陛下を傀儡にするとかそういうものではない!これが陛下のためにもなるのだ!」
「馬鹿を言うな、お前のそれこそが陛下に対する叛意の現れではないのか!?
傀儡か!遂に本音が出たな!」
にらみ合う二人に対して、ラートリーとノアールも冷静に割って入る。
「あまり政局について語るな。戦乱を招くことになるぞ。陛下の成長をただただ見守れ。」
「そうです。トウガ殿も冷静に。シズク殿もこの神聖帝国のために、そして陛下のために尽力していただいているのですから。

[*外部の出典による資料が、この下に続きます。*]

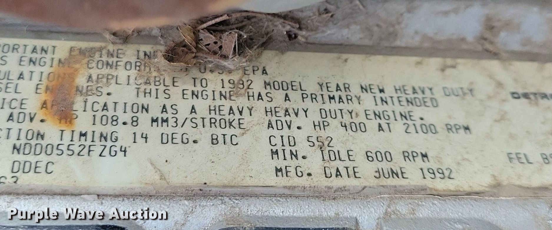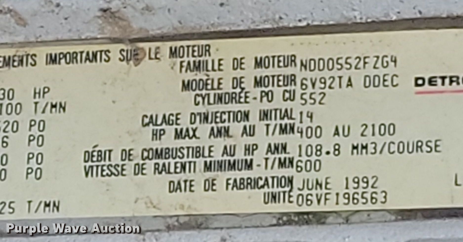 1992 Oshkosh HB2518-MP3 snowblower truck. Miles: Unknown, VIN: 10T3E1BX7N1046176. Engine No engine. Secondary Engine Detroit Diesel, Cylinders: 6, Displacement: 552 C.I.D., HP: 400. Transmission Automatic. Chassis Four wheel drive, Axles: Single, Suspension: Spring, Brakes: Air, GVWR: 45,500 lbs FAWR: 27,000 lbs, RAWR: 18,500 lbs. Features Fuel tank: Dual. Notes Parts missing, Snow blower missing, Non-operational unit. South Dakota title. Mileage has not been verified. Exempt will be written in the odometer disclosure on the title. Title distribution may be delayed up to 30 days from verification of funds. Huron, SD 57350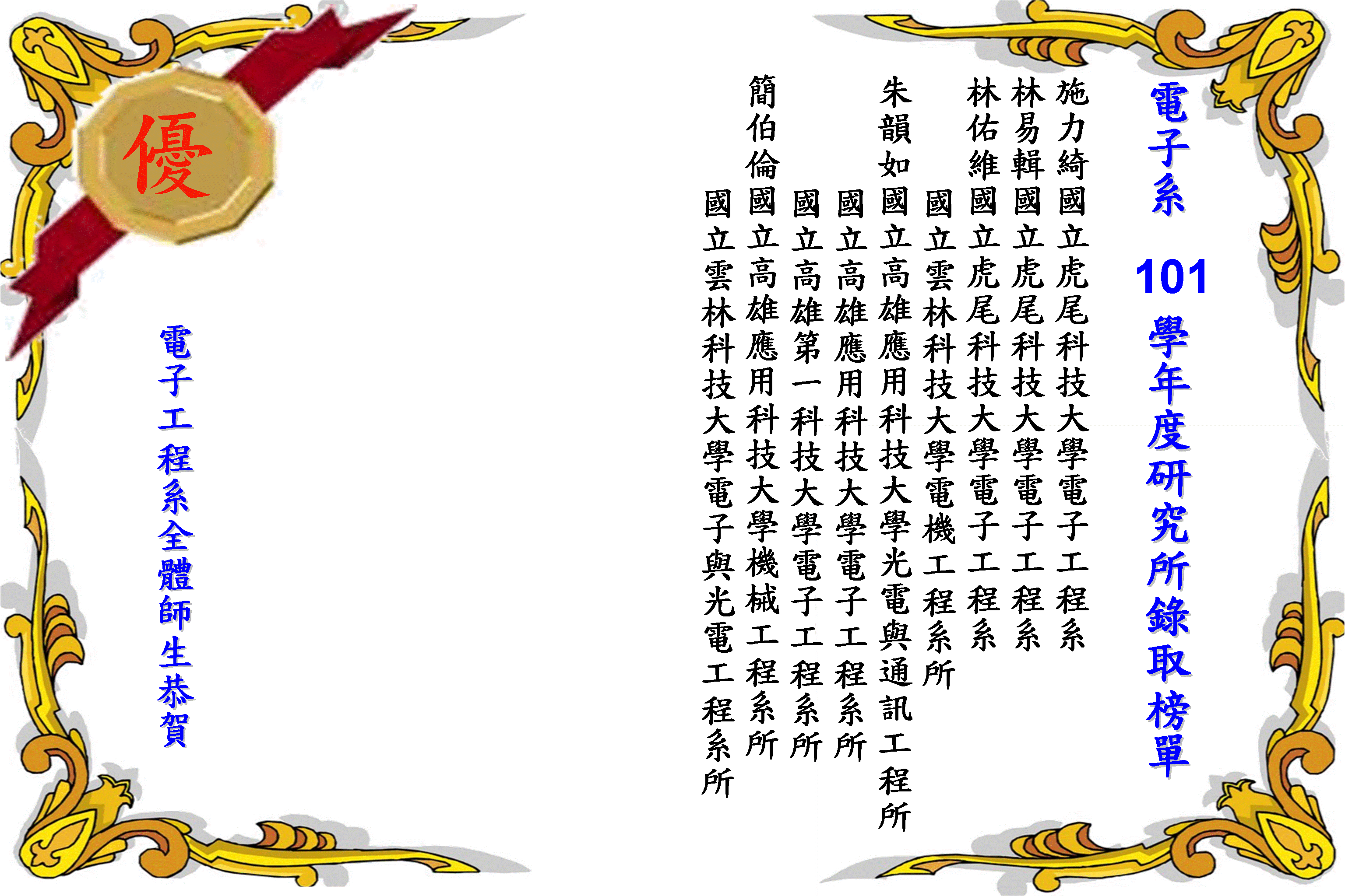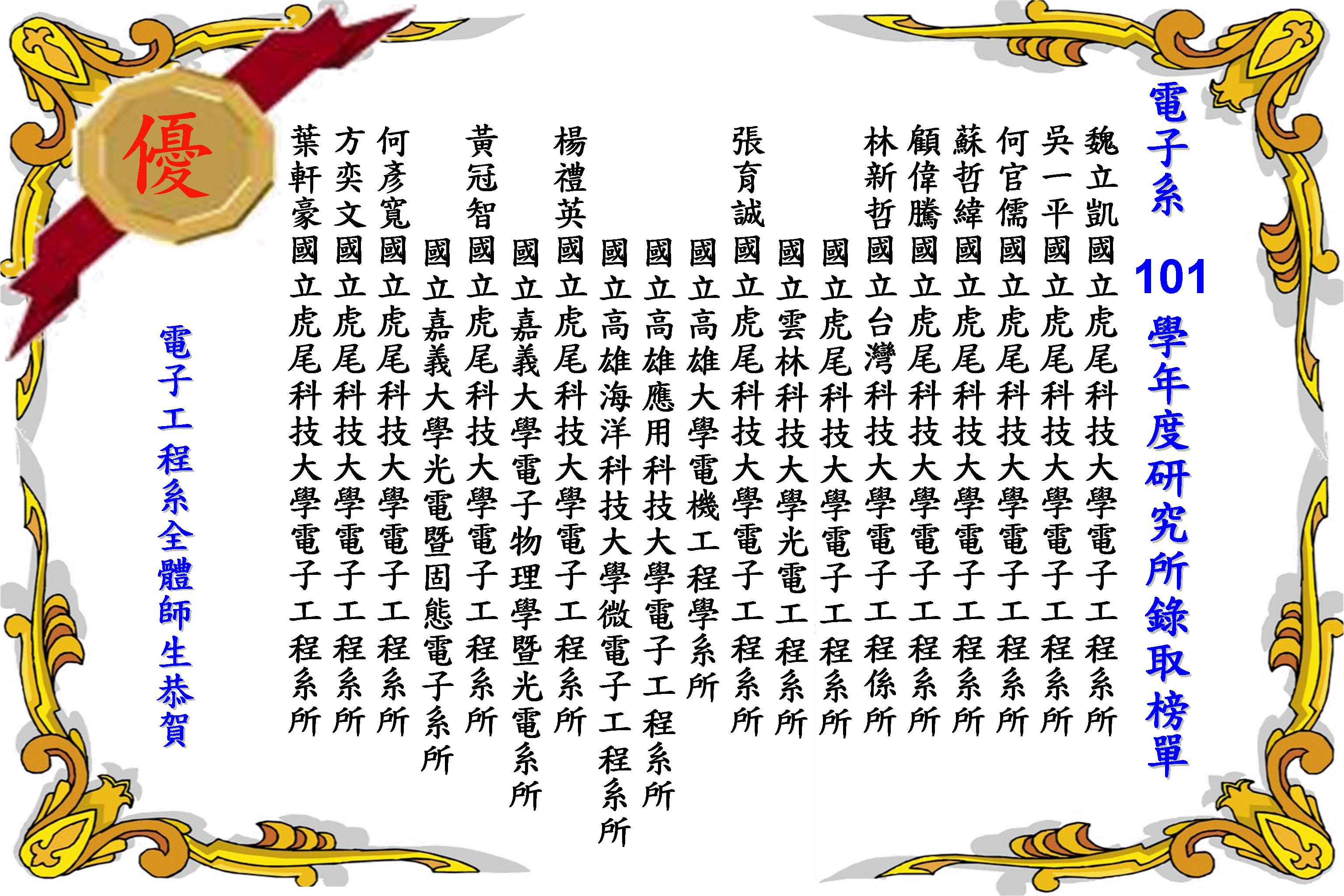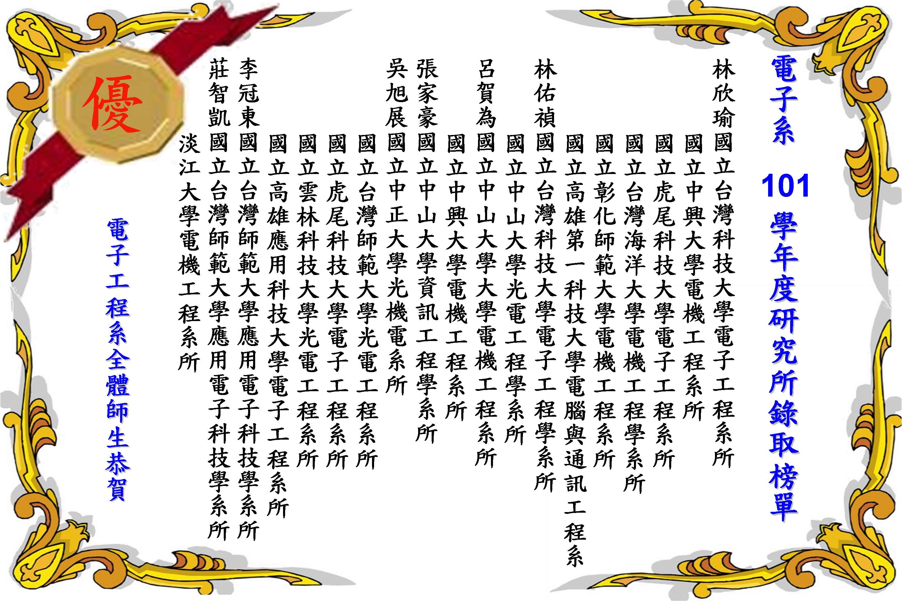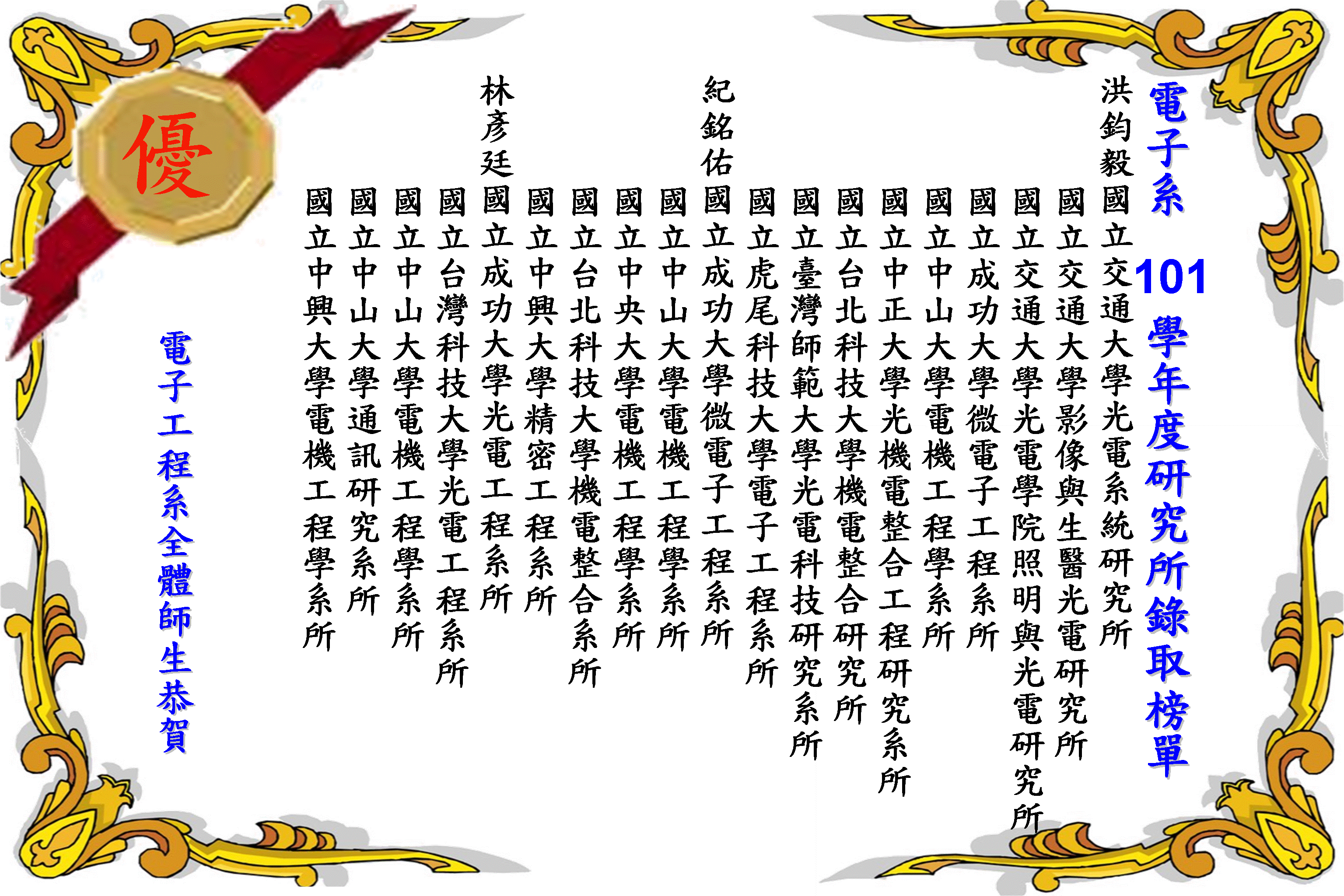 恭賀!本系四技、二技考取研究所的同學,電子系全體師生恭賀

もし何かあろうものならこのノアールが今度こそ命に代えてもウララ陛下をお守りいたします。」
さすがにノアールに頭を下げられるとトウガも大人しくならざるを得ない。
「・・・おい、シノ!お前はどうなんだ?」
怒りの行き先を無くしたトウガがいきなりシノに絡みかけた。
「え?わ・・私は何も言っていない。そもそもそういう政略は苦手なんだ。政争は他所でやってほしい。」
シノはそう言いながらもふと目線が机の端へとゆっくりと流れる。何かを考えている時の癖だ。
「・・・・。(政争?遂に私もそのステージに立ったということか。昇りつめるか消されるか。よく考える必要があるな。)」
最近の評議会は何かと揉める。だがそれをラートリーとノアールが宥めて穏便に済ませてきた。
そんな時に事件が起きた。
かねてより病を患っていた黒髭ノワールが急死した。
女帝ウララを取り巻く英雄たちの思惑。
彼らの立ち位置がわかったところで、良おじポジのノアールが死去。
ここからノンストップで荒波が訪れます。
ウララの成長は、祝福と同時に試練を呼び寄せる。
彼らの「思惑」が今後ウララと神聖帝国にどう作用していくのか。
どうかお見守りください。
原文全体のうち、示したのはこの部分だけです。